Charon's Complexity - Sputnik International, 1920, 15.01.2022
According to the South China Morning Post, the facility located in Jiangsu Province, will play an important part in the exploration of the Moon as China plans to land its astronauts on Earth's satellite by 2030 and set up a base there.
Chinese scientists have built an artificial moon that will make it possible to conduct experiments in low gravity. According to the researchers, their creation is the first of its kind in the world and is designed so that it can make gravity "disappear". The researchers say they were inspired by an experiment conducted by the Russian-Dutch-British physicist Andre Geim, who used magnets to levitate a frog.

The device consists of a 2-foot room placed inside a vacuum chamber, which, in turn, has two powerful magnets. The magnets generate a strong magnetic field, making the room levitate. Chinese researchers simulated the lunar landscape in the room, putting rocks and dust in there.
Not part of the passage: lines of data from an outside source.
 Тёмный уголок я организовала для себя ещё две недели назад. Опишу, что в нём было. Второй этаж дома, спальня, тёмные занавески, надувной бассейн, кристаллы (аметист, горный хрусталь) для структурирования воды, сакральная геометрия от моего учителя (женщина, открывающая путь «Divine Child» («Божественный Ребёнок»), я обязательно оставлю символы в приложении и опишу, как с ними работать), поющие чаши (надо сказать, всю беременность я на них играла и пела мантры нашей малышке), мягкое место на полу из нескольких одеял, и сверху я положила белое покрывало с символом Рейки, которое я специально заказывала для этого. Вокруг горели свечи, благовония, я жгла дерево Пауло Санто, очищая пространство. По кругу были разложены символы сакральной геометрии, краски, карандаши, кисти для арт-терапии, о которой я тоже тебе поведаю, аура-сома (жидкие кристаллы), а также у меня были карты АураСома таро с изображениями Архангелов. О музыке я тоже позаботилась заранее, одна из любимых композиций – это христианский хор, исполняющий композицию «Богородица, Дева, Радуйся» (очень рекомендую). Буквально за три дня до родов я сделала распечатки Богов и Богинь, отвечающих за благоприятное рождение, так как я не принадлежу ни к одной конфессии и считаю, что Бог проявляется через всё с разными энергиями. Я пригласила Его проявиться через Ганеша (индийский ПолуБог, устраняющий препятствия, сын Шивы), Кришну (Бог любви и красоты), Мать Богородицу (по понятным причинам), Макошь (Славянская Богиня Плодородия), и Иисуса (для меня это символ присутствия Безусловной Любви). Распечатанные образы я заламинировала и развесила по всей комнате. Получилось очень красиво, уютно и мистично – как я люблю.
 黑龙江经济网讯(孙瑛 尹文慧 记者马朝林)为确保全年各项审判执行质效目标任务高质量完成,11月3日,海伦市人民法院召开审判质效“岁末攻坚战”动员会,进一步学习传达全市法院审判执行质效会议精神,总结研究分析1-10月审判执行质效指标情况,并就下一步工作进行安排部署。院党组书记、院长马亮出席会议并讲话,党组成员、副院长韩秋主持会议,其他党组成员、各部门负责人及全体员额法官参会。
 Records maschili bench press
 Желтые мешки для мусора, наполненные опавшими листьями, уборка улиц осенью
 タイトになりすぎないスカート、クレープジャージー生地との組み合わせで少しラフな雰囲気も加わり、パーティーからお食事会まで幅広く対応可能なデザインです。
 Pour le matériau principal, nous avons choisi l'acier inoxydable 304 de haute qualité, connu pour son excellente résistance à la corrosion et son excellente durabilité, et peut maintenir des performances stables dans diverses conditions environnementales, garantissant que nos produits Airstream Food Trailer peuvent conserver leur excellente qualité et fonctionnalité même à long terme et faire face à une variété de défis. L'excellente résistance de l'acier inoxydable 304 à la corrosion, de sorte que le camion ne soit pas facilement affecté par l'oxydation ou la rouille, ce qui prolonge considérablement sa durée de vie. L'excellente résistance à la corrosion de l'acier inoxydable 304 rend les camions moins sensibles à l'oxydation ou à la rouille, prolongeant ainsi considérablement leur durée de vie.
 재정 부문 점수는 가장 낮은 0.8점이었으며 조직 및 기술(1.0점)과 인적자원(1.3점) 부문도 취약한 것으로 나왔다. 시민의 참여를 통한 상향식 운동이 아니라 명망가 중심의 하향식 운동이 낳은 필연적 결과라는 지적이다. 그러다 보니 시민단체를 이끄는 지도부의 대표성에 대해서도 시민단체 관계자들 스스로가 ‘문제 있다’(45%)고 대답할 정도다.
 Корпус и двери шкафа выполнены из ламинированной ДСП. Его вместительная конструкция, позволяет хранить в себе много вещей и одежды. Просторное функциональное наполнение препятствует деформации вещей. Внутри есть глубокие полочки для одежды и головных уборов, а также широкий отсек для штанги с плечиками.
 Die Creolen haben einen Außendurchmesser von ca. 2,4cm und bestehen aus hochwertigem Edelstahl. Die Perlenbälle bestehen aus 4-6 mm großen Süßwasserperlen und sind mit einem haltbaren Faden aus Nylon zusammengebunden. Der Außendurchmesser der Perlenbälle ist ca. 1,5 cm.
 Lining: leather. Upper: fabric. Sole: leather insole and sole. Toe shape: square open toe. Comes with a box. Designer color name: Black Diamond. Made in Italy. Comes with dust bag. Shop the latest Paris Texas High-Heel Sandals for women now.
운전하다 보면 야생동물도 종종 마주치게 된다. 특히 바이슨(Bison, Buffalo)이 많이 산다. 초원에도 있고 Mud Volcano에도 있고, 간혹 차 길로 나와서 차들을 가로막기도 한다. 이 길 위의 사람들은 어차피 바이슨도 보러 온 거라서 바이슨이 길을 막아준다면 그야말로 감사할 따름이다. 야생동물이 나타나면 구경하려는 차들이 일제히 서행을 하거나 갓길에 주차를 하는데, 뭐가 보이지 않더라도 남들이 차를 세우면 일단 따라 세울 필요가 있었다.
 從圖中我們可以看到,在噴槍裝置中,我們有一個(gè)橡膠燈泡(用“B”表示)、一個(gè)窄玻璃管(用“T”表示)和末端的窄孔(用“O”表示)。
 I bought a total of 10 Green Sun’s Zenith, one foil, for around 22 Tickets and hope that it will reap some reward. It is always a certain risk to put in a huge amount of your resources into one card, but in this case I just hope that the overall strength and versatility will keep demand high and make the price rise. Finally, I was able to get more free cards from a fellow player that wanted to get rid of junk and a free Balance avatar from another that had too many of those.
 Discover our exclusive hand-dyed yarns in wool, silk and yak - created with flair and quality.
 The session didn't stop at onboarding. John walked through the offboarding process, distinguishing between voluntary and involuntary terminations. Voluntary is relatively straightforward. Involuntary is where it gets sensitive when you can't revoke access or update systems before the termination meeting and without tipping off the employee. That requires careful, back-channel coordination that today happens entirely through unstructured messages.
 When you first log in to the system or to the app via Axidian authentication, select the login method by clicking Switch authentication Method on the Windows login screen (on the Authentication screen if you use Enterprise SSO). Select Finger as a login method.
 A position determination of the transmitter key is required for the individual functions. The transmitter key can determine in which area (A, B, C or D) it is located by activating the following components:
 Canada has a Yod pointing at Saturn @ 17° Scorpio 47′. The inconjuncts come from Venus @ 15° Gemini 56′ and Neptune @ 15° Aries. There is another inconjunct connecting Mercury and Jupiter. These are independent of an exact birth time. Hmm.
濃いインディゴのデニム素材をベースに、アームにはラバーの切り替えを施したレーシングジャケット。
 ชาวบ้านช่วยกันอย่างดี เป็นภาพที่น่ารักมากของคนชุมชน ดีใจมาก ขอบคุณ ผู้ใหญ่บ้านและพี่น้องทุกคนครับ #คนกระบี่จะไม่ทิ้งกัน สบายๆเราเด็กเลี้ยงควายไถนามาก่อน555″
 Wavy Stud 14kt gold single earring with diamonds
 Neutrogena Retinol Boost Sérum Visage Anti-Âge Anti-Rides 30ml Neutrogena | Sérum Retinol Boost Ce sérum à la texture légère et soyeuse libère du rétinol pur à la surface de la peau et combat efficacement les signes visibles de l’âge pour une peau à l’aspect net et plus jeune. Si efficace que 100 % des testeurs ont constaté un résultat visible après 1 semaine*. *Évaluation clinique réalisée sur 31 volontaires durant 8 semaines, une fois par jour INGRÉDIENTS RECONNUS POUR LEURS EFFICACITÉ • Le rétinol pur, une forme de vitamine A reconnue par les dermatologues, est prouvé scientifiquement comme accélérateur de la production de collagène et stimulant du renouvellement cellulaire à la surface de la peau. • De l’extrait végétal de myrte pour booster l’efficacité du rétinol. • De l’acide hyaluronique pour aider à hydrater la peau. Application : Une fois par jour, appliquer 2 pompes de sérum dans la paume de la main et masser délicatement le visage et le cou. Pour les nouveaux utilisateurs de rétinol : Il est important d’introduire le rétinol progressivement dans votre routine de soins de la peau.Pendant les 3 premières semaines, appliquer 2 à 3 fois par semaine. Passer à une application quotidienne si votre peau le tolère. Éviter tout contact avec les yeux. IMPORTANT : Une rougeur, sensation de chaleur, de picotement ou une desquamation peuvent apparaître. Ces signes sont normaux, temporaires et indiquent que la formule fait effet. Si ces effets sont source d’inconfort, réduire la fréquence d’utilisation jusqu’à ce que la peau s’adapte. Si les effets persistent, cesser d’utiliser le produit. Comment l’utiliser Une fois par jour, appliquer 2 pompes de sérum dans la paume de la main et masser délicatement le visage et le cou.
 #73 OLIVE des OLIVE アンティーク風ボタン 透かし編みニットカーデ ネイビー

Simulating low gravity requires flying in an aircraft and tests last minutes, with this artificial moon one can simulate low gravity "for as long as you want", its creators say.

Chinese scientists now plan to test the facility on Earth before it will be sent to the Moon, where gravity is about a sixth of that on our planet.

"Some experiments, such as an impact test, need just a few seconds. But others, such as creep testing, can take several days", said Li Ruilin, a geotechnical engineer at the China University of Mining and Technology.

Why Does China Need an 'Artificial Moon'?

Beijing along with other space superpowers like Russia and the United States, plan to land astronauts on Earth's satellite and even establish a presence there. Because this will be a first of its kind mission scientists need to know how certain materials and technology will behave in the lunar environment over a long time.
There is no atmosphere on Earth's satellite and temperatures can change drastically in a short period of time.

Researchers say they have already conducted a test on the prototype of their creation. It showed that drill resistance could be much higher on the Moon than was previously predicted. Further tests may reveal whether 3D printing is possible on the lunar surface and if the answer is yes, then this will facilitate exploration of the Moon – instead of sending heavy and expensive equipment to our satellite, researchers will be able to build it there.

"Some experiments conducted in the simulated environment can also give us some important clues, such as where to look for water trapped under the surface", Li Ruilin said.

The researchers plan to make the facility available to scientists around the world. Beijing plans to send astronauts to the Moon by 2030 and set up a base there some time later.

Incidentally, Chinese researchers are also conducting experiments with an "artificial sun". According to the news agency Xinhua, the Experimental Advanced Superconducting Tokamak fusion reactor, which has produced temperatures five times hotter than the real Sun, could ring in an era of limitless clean energy.